– Ништо, живо согреется!
– А за ей, мотри, жених, видно. Бес хромой. Вишь ковыляет!
– Так им, треклятым, и надобно. Здесь повенчают, а в пекле им беси пир сготовят.
Олена голову в колени зажала, чтоб не слышать, да вдруг подумала:
– Ондреюшка-то меня, чай, выглядывает. – Вскочила, глядит: толпа кругом. Дьяки, подъячие, стрельцы, и все к срубу идут. Где ж Ондрейка-то? Сердце, как прыгнет! – може, его и нет тут, – помиловали? Ох, не, – вон он, сердешный. У помоста между стрельцами стоит, и голову во все стороны ворочает, ее, видно, высматривает.
– Тут я! – крикнула Олена, – Ондреюшка! Тут, болезный. – Кинулась к нему, а стрельцы за обе руки схватили.
– Куда лезешь, баба! Стой, где стоишь. Время придет, прощаться допустят. Нишкни, не то прогонят.
А Ульку Козлиху у сруба поставили, и дьяк перед ней указ читает. А про что не слушала Олена.
Кончил дьяк, рукой махнул. Выходит палач, в красной рубахе, кафтан распахнут, за поясом плеть, а на плече топор. На топор глянула Олена, дух занялся. – Тот самый топор и есть…
А уж подручный Ульку схватил, веревкой ее опутал, она отбивается, кричит:
– Ой, робятки мои малые! Ратуйте, православные!
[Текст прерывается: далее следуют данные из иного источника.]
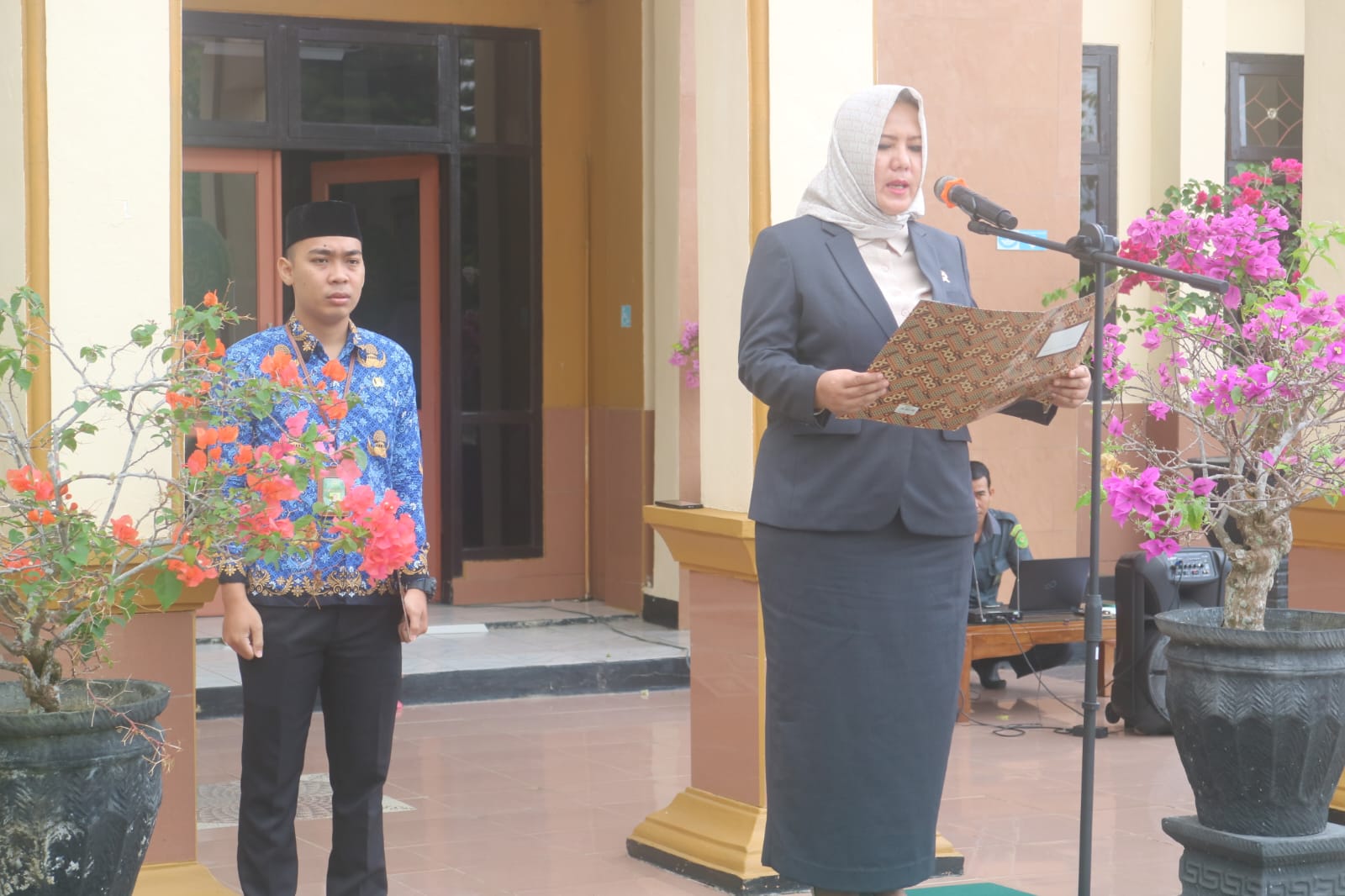 Upacara dipimpin oleh Bapak Yayan Sulendro, S.H., M.H. dengan petugas pengibar bendera Bagus Cakra Jati Kesuma, Melva Christien Manurung, S.H. dan Aris Ferdiansyah mengheningkan cipta yang dipimpin oleh inspektur Upacara dan dilanjutkan dengan pembacaan teks Pancasila, naskah Pembukaan UUD 1945 yang dibacakan oleh Sapri, A.Md. Pembacaaan Ikrar yang dibacakan oleh Amsal Pastoral Sihombing, A.Md, dan pembacaan Do’a oleh Agung Dwi Winarno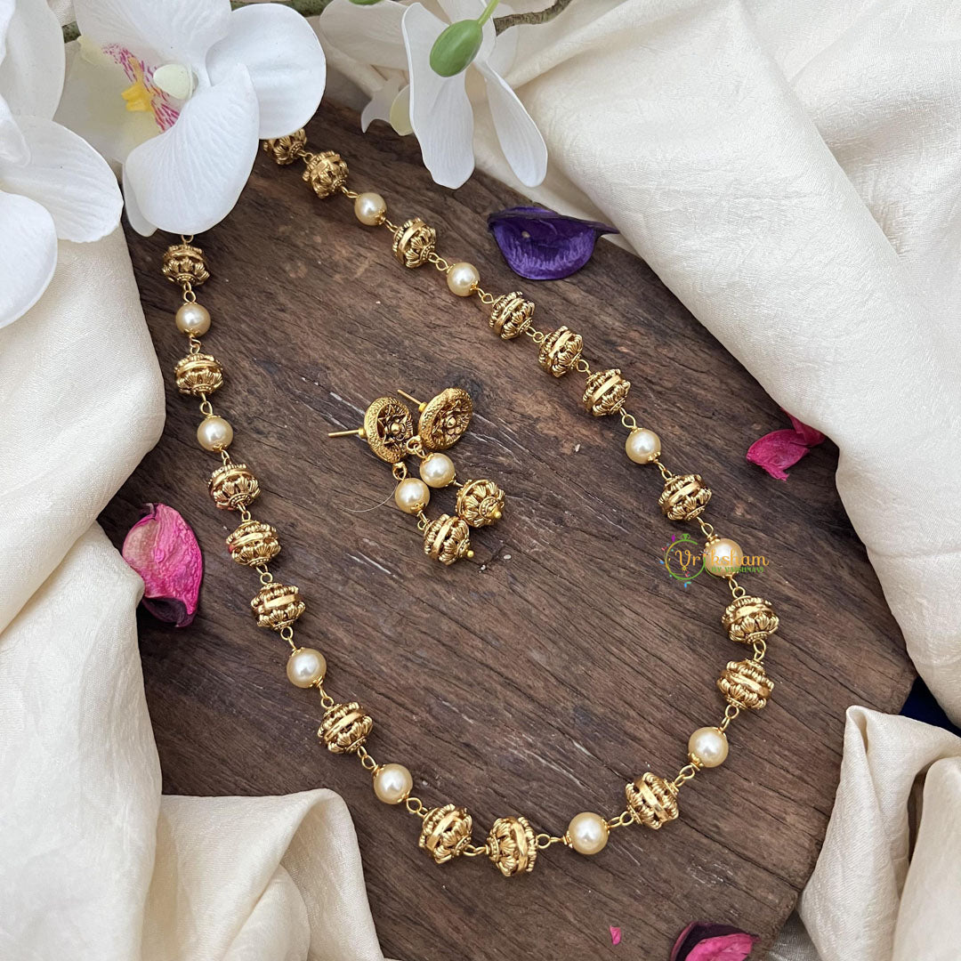 Indulge in the luxury of this exquisite Gold Look Alike Beaded with Pearl Mala. Each delicate bead is meticulously crafted to resemble real gold, adding a touch of opulence to any outfit. With the included matching earrings, this set is perfect for any occasion, making you feel truly special and elegant.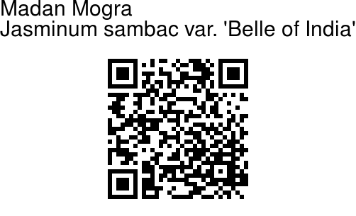 Common name: Arabian Jasmine 'Belle of India' • Hindi: Madan mogra मदन मोगरा • Kannada: ಏಳುಸುತ್ತಿನ ಮಲ್ಲಿಗೆ Elu suttina mallige, ಕೋಲುಮಲ್ಲಿಗೆ Kolu mallige, ಗುಂಡುಮಲ್ಲಿಗೆ Gundu mallige • Nepali: बेली फूल Bhelee Phool, मल्लिका Mallikaa • Tamil: குஂதூ மல்லீ Gundu Malli • Telugu: పందిరి మల్లి Pandiri malli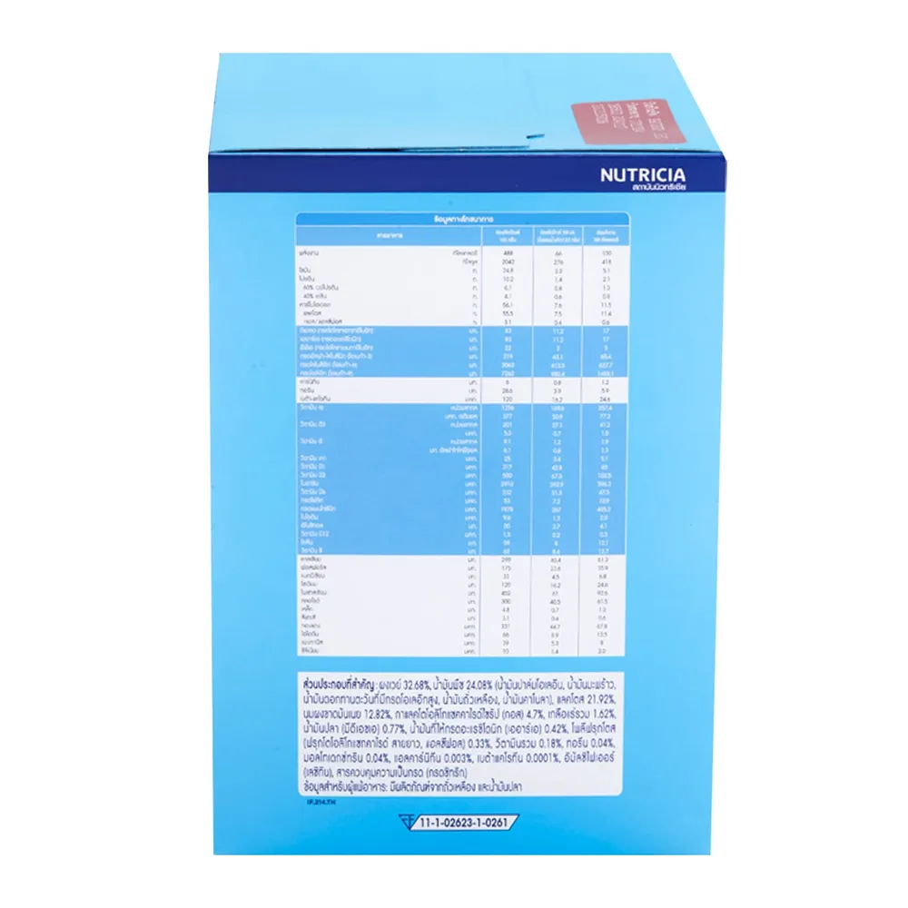 ส่วนประกอบที่สำคัญ: ผงเวย์ 32.68%, น้ำมันพืช 24.08% (น้ำมันปาล์มโอเลอิน, น้ำมันมะพร้าว, น้ำมันดอกทานตะวันที่มีกรดโอเลอิกสูง, น้ำมันถั่วเหลือง, น้ำมันคาโนลา), แลคโตส 21.92%, นมผงขาดมันเนย 12.82%, กาแลคโตโอลิโกแซคคาไรด์ไซรัป (กอส) 4.7%, เกลือแร่รวม 1.62%, น้ำมันปลา (มีดีเอชเอ) 0.77%, น้ำมันที่ให้กรดอะแรชิโดนิก (เออาร์เอ) 0.42%, โพลีฟรุกโตส (ฟรุกโตโอลิโกแซคคาไรด์ สายยาว, แอลซีฟอส) 0.33%, วิตามินรวม 0.18%, ทอรีน 0.04%, มอลโทเดกซ์ทริน 0.04%, แอลคาร์นิทีน 0.003%, เบต้าแคโรทีน 0.0001%, อิมัลซิไฟเออร์ (เลซิทิน), สารควบคุมความเป็นกรด (กรดซิทริก)<br />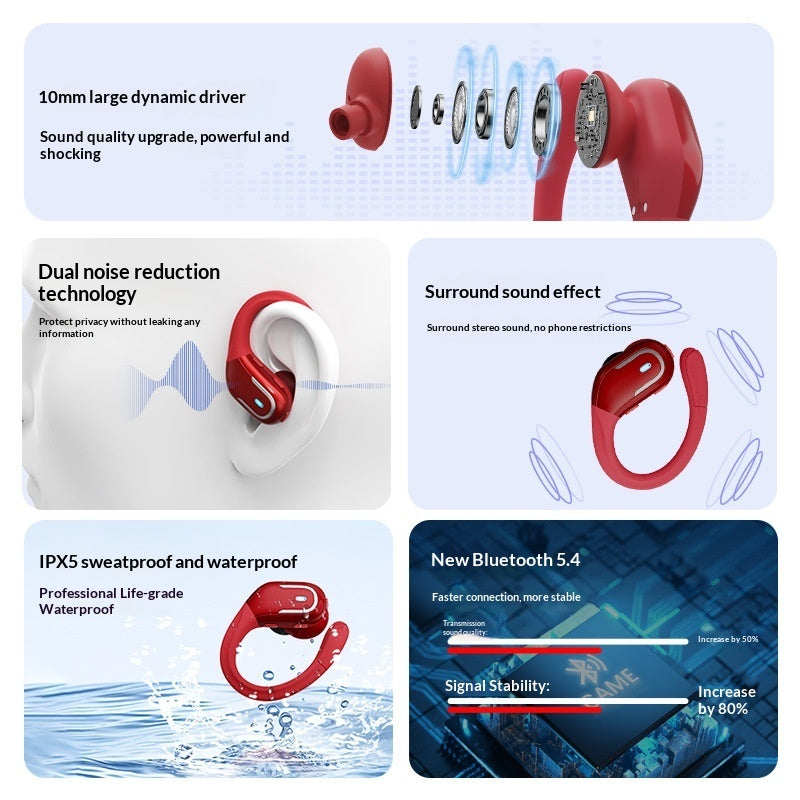 Whether you are gaming competitively or enjoying music on the go, the New Tech Noise-canceling Stereo Wireless Ear-hook Gaming Headset combines performance, comfort, and modern features in one compact design. Choose the New Tech Noise-canceling Wireless Ear-hook Gaming Headset for reliable wireless sound and a superior gaming experience.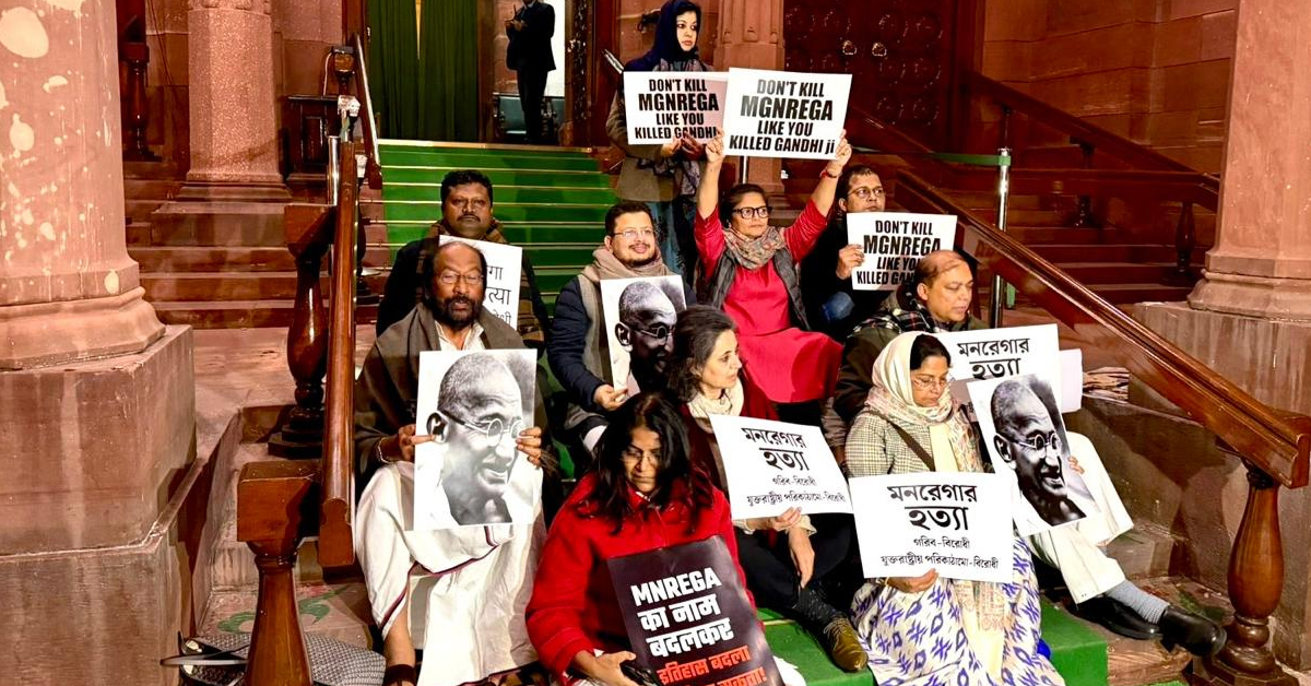 ভোর পাঁচটা নাগাদ ধর্নাস্থল থেকে একটি ভিডিয়ো পোস্ট করেন রাজ্যসভার সাংসদ সাগরিকা ঘোষ। বলেন, ‘সংসদের সিঁড়িতে আমাদের ধর্না কর্মসূচি চলছে। মহাত্মা গান্ধী এবং রবীন্দ্রনাথ ঠাকুরের অপমান আমরা মেনে নেব না।’ ভিডিয়োর শেষে জোর দিয়ে সাগরিকা বলেন, ‘মহাত্মা গান্ধী অমর রহে।’ মোদি সরকার আইন পাস করাতে বুলডোজার কৌশল ব্যাবহার করছে বলেও অভিযোগ করেন সাগরিকা। তাঁর কথায়, ‘বিরোধীদের সঙ্গে কোনও পরামর্শ করা হচ্ছে না। বৈঠকে ডাকা হচ্ছে না। একের পর এক বিল বুলডোজার কায়দার ঠেলে পাস করিয়ে দেওয়া হচ্ছে।’ তাঁর সাফ কথা, ‘মোদি সরকার দ্বিতীয়বার মহাত্মা গান্ধীকে হত্যা করল।’ বিরোধীদের ব্যাপক হট্টগোলের মধ্যেই বৃহস্পতিবার দুপুরে লোকসভায় পাশ হয় ‘বিকশিত ভারত গ্যারান্টি ফর রোজগার অ্যান্ড আজীবিকা মিশন (গ্রামীণ)’ অর্থাৎ ‘জি রাম জি’ বিল (g ram g bill)।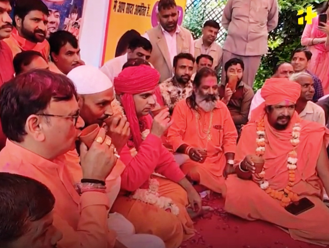 印度教大斋会主席马哈拉杰于3月14日在新德里举办了一场盛大的“牛尿(Gaumutra)派对”。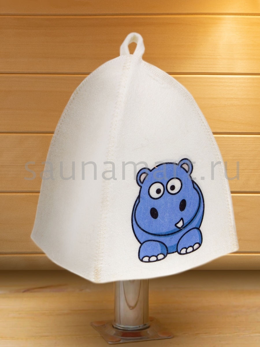 Шапка это необходимый атрибут для похода в баню или сауну – как для взрослых, так и для детей. Высокая температура и сухой воздух в парной могут вызвать перегрев и ожоги кожи головы. Шапка для бани убережет голову, уши и волосы от высокой температуры и перегрева. Если пренебрегать защитой головы с помощью шапочки, то волосы теряют влагу и становятся ломкими и сухими. Помимо термоизоляционных свойств банная шапка обладает отличными гигроскопичными свойствами - прекрасно впитывает влагу и пот, что сделает Ваше пребывание в парной более комфортным. Головной убор для бани выполнен из натурального материала – войлок. Материал достаточно пористый, за счет чего создает своеобразный защитный барьер по принципу термоса, для изоляции от высокой температуры. Яркий рисунок бегемотика обязательно придется по вкусу ребенку. После применения расправьте шапку и просушите. Мы предлагаем Вам не только эффективное средство защиты от перегрева, но и стильный яркий аксессуар для бани и сауны.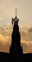 Dit is de toren van de Sint-Bavokerk of Grote Kerk in Haarlem, met de vlag van Nederland, in de schemering in het najaar van 2020.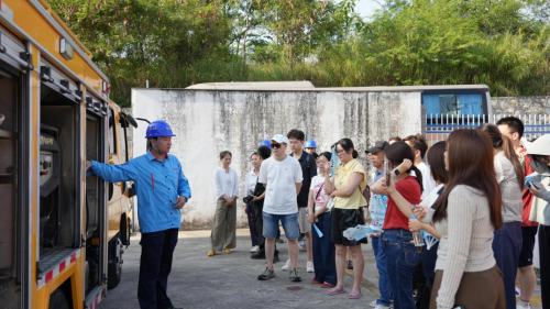 柳州中燃工作人员向媒体团介绍燃气抢修车及其抢险设备。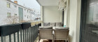 Die Loggia mit Stadtblick lädt zum Entspannen ein – ob bei einem Glas Wein am Abend oder beim Genießen der Sonne am Wochenende.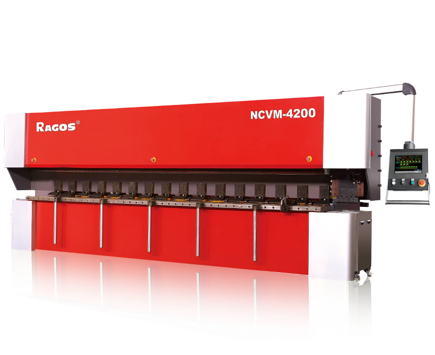 Станок для нарезания V-образных канавок NCVM-5200 позволяет прорезать канавку по всей длине заготовки. В месте выреза уменьшается толщина металла, что позволяет создавать очень маленький внешний радиус изгиба при гибке. Резка осуществляется четырьмя режущими инструментами для равномерного распределения усилий, что снижает деформацию обрабатываемой детали. Для обеспечения жесткого зажима заготовки предусмотрены гидравлические зажимы. На станок возможна загрузка листа с шириной до 1600 мм и длиной до 3200 мм. Скорость перемещения по оси Х достигает 110 м/мин.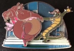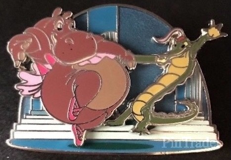 | This variation features a blue background, hyacinth hippo is a red color with light pink tutu and ballet shoes, and Ben Ali Gator is green with a yellow belly and a red feathered hat. Three pins per box. |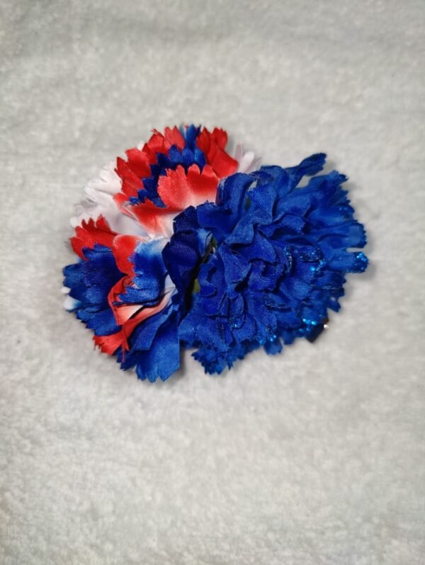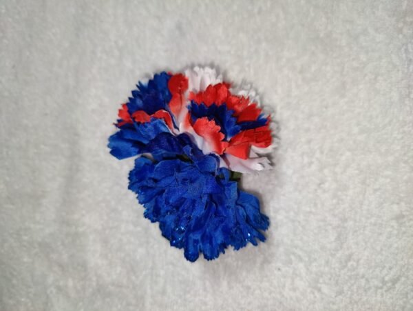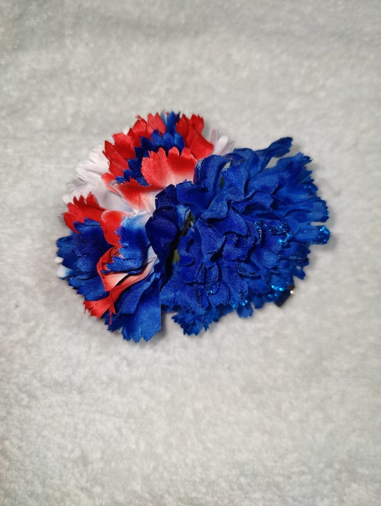 A 2 flower clip with one blue and one multicolored red, white, and blue carnation.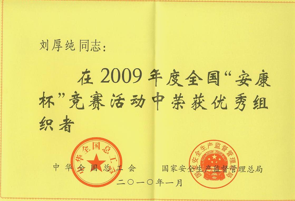 中華全國總工會(huì)、國家安全生產(chǎn)監(jiān)督管理總局聯(lián)合發(fā)文,公司黨委書記、副董事長(zhǎng)劉厚純獲得2009年度全國“安康杯”競(jìng)賽活動(dòng)優(yōu)秀組織者稱號(hào)。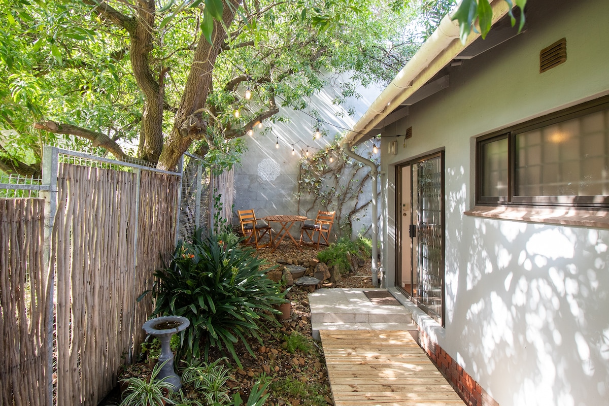 Pluck lemons from the tree and pick herbs from the planters for use in a tasty dish to enjoy in the cool and shaded courtyard. The bright and airy cottage interior has high vaulted ceilings, together with a selection of books and magazines to read to enjoy in the bed made up with 400TC luxury linen. Battery backed up Wi-Fi and additional lights for surviving load shedding. No smoking allowed on property. Guests have own cottage with a private, shady courtyard. Herbs in planters in courtyard and dart board are available for guests to use as well as lemons on own lemon tree. We're an international family consisting of a South African, a New Zealander and a Norwegian. One of us will always be available on our phones and we're happy to chat and share a G&T on our porch if our guests are up for it! This guesthouse is in a quiet neighbourhood, about 15 minutes by car from town and near to vibrant Harfield. Closer still, the village offers a farm stall, butchery, and supermarket within a short walk, plus coffee shops and lots of restaurants. We always recommend uber for short term stays in Cape Town but there is an off-street sheltered parking available if needs be. 10 minute walk to Kenilworth train station and 2 minute walk from Main Road with frequent taxi buses in both directions. Servicing of cottage and laundry can be done on request. Continental breakfast can be provided on request.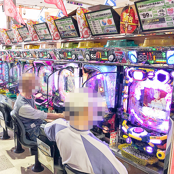 100円/89玉パチンコを見てみると、海物語シリーズに人気が集まっており、ほぼ満席となるほどのにぎわいを見せていた。

Да кому ж за ведьму вступаться, кабы и сила была. Так ей, анафеме, и надо! Палач на лестницу влез, топор за пояс заткнул, подручный забрал Ульку поперек тела, благо тощая, как ветка сухая. А она разом змеей свилась, визжит, трепыхается. Палач крепко прихватил ее, взмахнул ей, только космы вверх метнулись, да в сруб и кинул. Потом с лестницы соскочил, взял у стрельца факел зажженый. И не приметила его Олена, – на свету-то не видать, что горит, только дым над ним вьется. Оглянулся палач на дьяка старшего, тот сказал чего-то, не слыхала Олена чего, и головой кивнул. Палач факелом над головой покрутил и кинул на солому. Солома сразу занялась. Пламя так и полыхнуло.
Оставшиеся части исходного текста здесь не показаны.